Each line below must be reproduced exactly as it stands. Pictures stay out of the copy.

STORED DATA |
::::
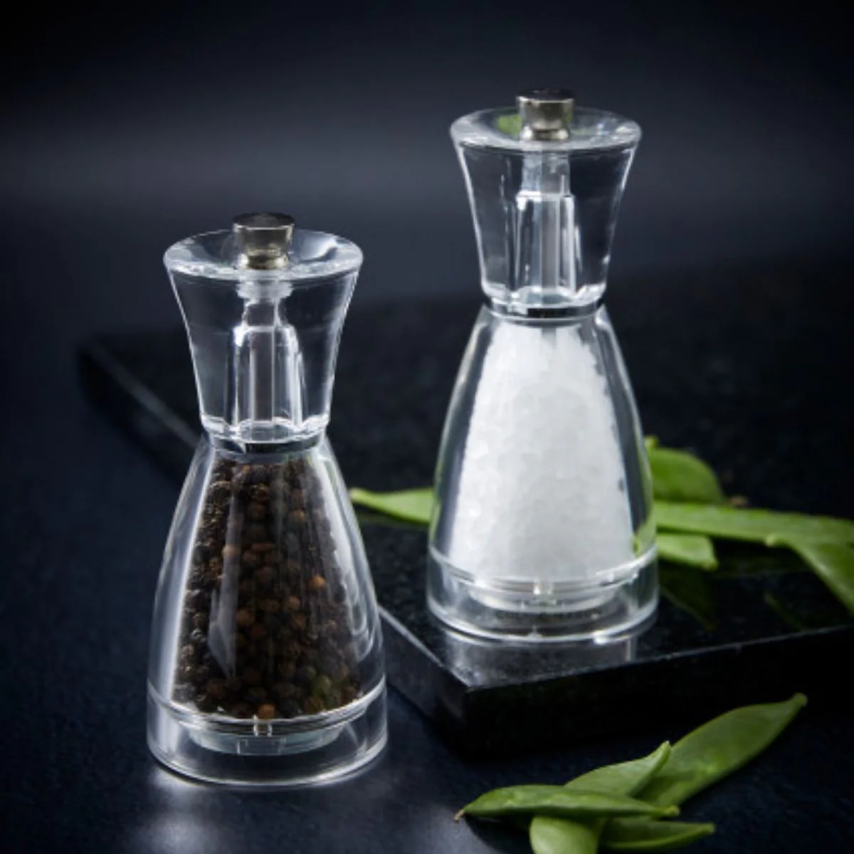 Fabricados en metacrilato, son unos molinillos tan duraderos como atractivos, con lo que los tendrás mucho tiempo contigo en casa. Además, gracias a su diseño transparente, puedes visualizar el contenido de su interior y saber así cuándo es necesario rellenarlos. Y si quieres adquirir ambos molinillos (sal y pimienta), no tendrás que preocuparte, porque podrás identificar su contenido gracias a su transparencia, así como a los marcadores de uso con la S o la P, ubicadas en la rosca superior.
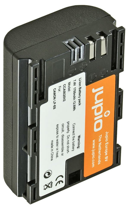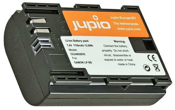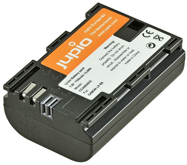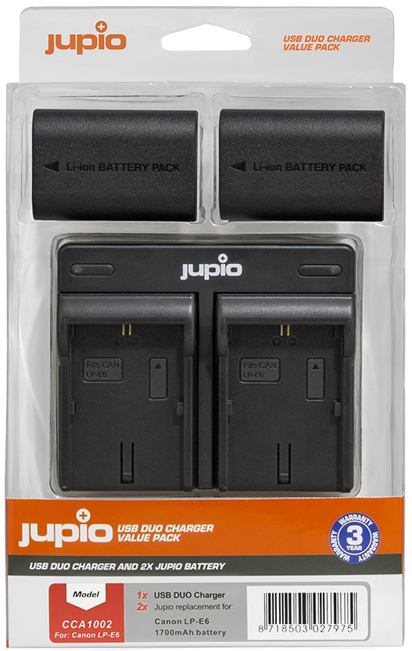Jupio Two LP-E6 Batteries + USB Dual Charger Value Pack (1700mAh) This compact and convenient LP-E6 Battery & USB Dual Charger Value Pack from Jupio combines two LP-E6 lithium-ion batteries with a USB-powered battery charger, making it possible to recharge the batteries from USB chargers and powerbanks at home or on the road. · Compatible with select Canon products · USB Input: 5V / 2.1A · Charger Output Range: 4.2-8.7V / 500mA · LED Charge Status Indicator Fits Canon 5D IV, 6D II, 7D II, R, XC10 Replaces Canon LP-E6N Jupio LP-E6 is designed as a replacement for Canon LP-E6, LP-E6N and LP-E6NH, although the Canon LP-E6NH is 430mAh higher capacity than this battery, so will work, but is slightly lower capacity and may not offer all the communication features the new LP-E6NH offers Each battery has a 3-year limited warranty, protecting you whatever happens. What’s Included? Specification Chemistry Lithium-Ion Output Voltage 7.4 VDC Package Weight 0.81 lb Box Dimensions (LxWxH) 7.9 x 5.3 x 1.7" Battery Chemistry: Lithium ion , Newer type of rechargeable, giving best performance for a rechargeable. Voltage: 7.4 V Capacity: 1700 mAh Watt hours: 12.6 Wh Weight: 76 g Dimensions: 56 mm x 38 mm x 21 mm
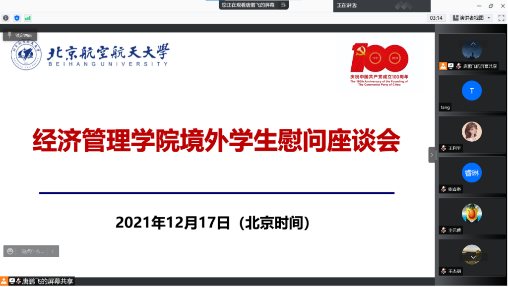 2021年12月17日晚,经管学院开展线上座谈会,慰问正在境外访学的研究生。研究生指导主任单伟、辅导员衣萌、唐鹏飞以及身在比利时、英国、丹麦、新加坡、爱尔兰等国家和地区的12位同学参加座谈。
::::
WRITTEN ANSWER |
 Fabricados en metacrilato, son unos molinillos tan duraderos como atractivos, con lo que los tendrás mucho tiempo contigo en casa. Además, gracias a su diseño transparente, puedes visualizar el contenido de su interior y saber así cuándo es necesario rellenarlos. Y si quieres adquirir ambos molinillos (sal y pimienta), no tendrás que preocuparte, porque podrás identificar su contenido gracias a su transparencia, así como a los marcadores de uso con la S o la P, ubicadas en la rosca superior.
Jupio Two LP-E6 Batteries + USB Dual Charger Value Pack (1700mAh) This compact and convenient LP-E6 Battery & USB Dual Charger Value Pack from Jupio combines two LP-E6 lithium-ion batteries with a USB-powered battery charger, making it possible to recharge the batteries from USB chargers and powerbanks at home or on the road. · Compatible with select Canon products · USB Input: 5V / 2.1A · Charger Output Range: 4.2-8.7V / 500mA · LED Charge Status Indicator Fits Canon 5D IV, 6D II, 7D II, R, XC10 Replaces Canon LP-E6N Jupio LP-E6 is designed as a replacement for Canon LP-E6, LP-E6N and LP-E6NH, although the Canon LP-E6NH is 430mAh higher capacity than this battery, so will work, but is slightly lower capacity and may not offer all the communication features the new LP-E6NH offers Each battery has a 3-year limited warranty, protecting you whatever happens. What’s Included? Specification Chemistry Lithium-Ion Output Voltage 7.4 VDC Package Weight 0.81 lb Box Dimensions (LxWxH) 7.9 x 5.3 x 1.7" Battery Chemistry: Lithium ion , Newer type of rechargeable, giving best performance for a rechargeable. Voltage: 7.4 V Capacity: 1700 mAh Watt hours: 12.6 Wh Weight: 76 g Dimensions: 56 mm x 38 mm x 21 mm
 2021年12月17日晚,经管学院开展线上座谈会,慰问正在境外访学的研究生。研究生指导主任单伟、辅导员衣萌、唐鹏飞以及身在比利时、英国、丹麦、新加坡、爱尔兰等国家和地区的12位同学参加座谈。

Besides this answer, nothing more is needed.